Abstracts
Degrees of Logical Competence
MARCELLO D’AGOSTINO University of FerraraIs logical competence a matter of degree? It is uncontroversial that we may be perfectly able to conceive and understand sentences that are logically inconsistent without being able to recognize their inconsistency. And we may well understand a set of sentences without realizing that, taken together, they logically entail some other sentence. It is also commonly assumed that the capability of correctly recognizing inconsistency or logical entailment comes in degrees. How can such degrees of “logical depth” be defined, measured and experimentally texted? While being of crucial importance for the study of human (and non-human) cognition, this issue has been surprisingly neglected in the logical literature. We argue that this situation depends on the fact that most popular logical theories are inadequate to account for natural approximations to the idealized logically omniscient agents they deal with. Indeed, these theories overdefine the meaning of the logical operators to the effect that any agent who fully understands this meaning must, ipso facto, be logically omniscient. This clashes with our intuition and with the known fact that most interesting logical systems are either undecidable or most likely to be intractable.

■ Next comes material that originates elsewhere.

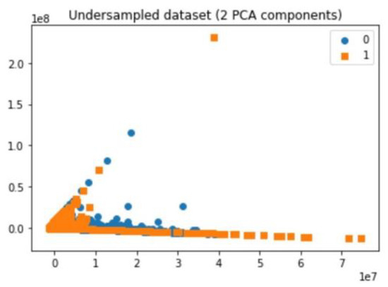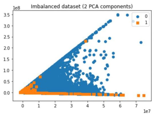 In order to prevent the curse of data imbalance, the data were explored to see the distribution before proceeding with the model development. The dataset consist of a negative class (0) made up of 99.8709% and positive class (1) made up of 0.1290%. A 2 Principal component analysis (PCA) representation of the dataset is presented in Figure 2. This shows a very high level of data imbalance in the dataset and any model developed with this dataset without any sampling technique will be biased towards the negative class. In this paper, a model with the original dataset was first developed without performing any sampling on the dataset. Two (2) undersampling procedures namely NearMiss and RandomUnderSampling, two (2) oversampling procedures RandomOverSampler and SMOTE, and a combination of both for the classifiers SVM and NB were performed. That is, five (5) experiments were performed for SVM and fifteen (15) for NB; five (5) for GS, BN, and MN. DT however, can handle the problem of class imbalance so the experiment was performed on GBDT using the original dataset without any sampling but was carried out with optimized hyperparameters.

Building on some remarks by W.V.O Quine, we put forward an alternative, more primitive, view of the meaning of the logical operators – that we call “the informational view” – according to which an agent who understands this primitive meaning is committed to correctly recognizing only a minimal (and feasible) subset of classically valid inferences. Deeper valid inferences can be recognized by means of the additional logical capability of manipulating “virtual information”, i.e. information that the agent does not actually possess. The depth at which this additional competence can be recursively used in reasoning, naturally leads to defining degrees of logical depth that can be associated on the one hand to the cognitive effort required to perform a given reasoning task, and on the other to the amount of computational resources that are available to the agent.